WeWork’s revenue more than doubled in 2018 from a year earlier, to $1.8 billion. Yet its net loss widened marginally faster – and to an even larger $1.9 billion. The shared-office giant, recently rebranded as “The We Company,” is contemplating going public. Investors will have to square those figures with a $47 billion private valuation.

The vision of Masayoshi Son, whose SoftBank is a big backer of WeWork, is basically that throwing cash at market-leading disruptive companies allows them to supercharge their market share gains and therefore become even more valuable.

Though Son in January scaled back his most recent bet from initial expectations, it still involved injecting an extra $2 billion into the company. As a result, WeWork’s financial information, released on Monday, shows it is sitting on nearly $7 billion of committed cash.
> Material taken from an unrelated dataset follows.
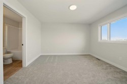 Quality built by Valley Mountain Homes, these brand new duplexes are located on a close. Excellent floor plan with 1205 sq ft on 2 levels and an attached single garage. The main floor has 9' ceilings with an open style floor plan. The kitchen has flat panel melamine cabinets, full tile backsplash, quartz countertops and comes with the fridge, stove, dishwasher and hood fan. The eating area and living room have nice sized windows. There is a garden door out to the deck that has aluminum railings, there is a vinyl fence with a 6' high dividing fence between the units. There is a 2 pce bath on the main floor. Upstairs has 3 bedrooms, the primary is quite large and it has a 4 pce ensuite & walk in closet. The other 2 bedrooms share a 4 pce bath and there is upper floor laundry for your convenience. The WALKOUT basement is undeveloped. The furnace and hot water tank are high efficient.

That will pay for the buildout and marketing of a lot of new locations.

That said, even initial-public-offering candidates in WeWork’s fast-growing, money-losing demographic tend to want to show losses narrowing relative to sales, moving in the general direction of profitability. Ride-hailing app Lyft, for example, due to debut as a public company on Friday, reported a loss equal to 42 percent of its $2.2 billion revenue in 2018 – an improvement on a negative 65 percent net margin in 2017.

WeWork boss Adam Neumann is instead keeping the growth hammer down. In one nod to investor sensitivities, though, he may be de-emphasizing “community-adjusted EBITDA” – a WeWork metric that brought eye-rolls from commentators. The measure, which reflects steady-state gross profit excluding the company’s substantial marketing, overhead and growth-related costs, is now also referred to as “contribution,” a plainer and better understood term.

That alone won’t get investors comfortable with a valuation range starting at more than double the $23 billion top-of-the-range indication so far from Lyft, a company with similar revenue and 2017-18 growth rate – and far smaller losses.

Back in 2017 when WeWork was valued at $20 billion, Neumann told Forbes a co-working company worth that much didn’t exist: “Our valuation and size today are much more based on our energy and spirituality than it is on a multiple of revenue.” WeWork isn’t rushing to list. When it does, though, public-market investors are going to have to feel the spiritual energy, too.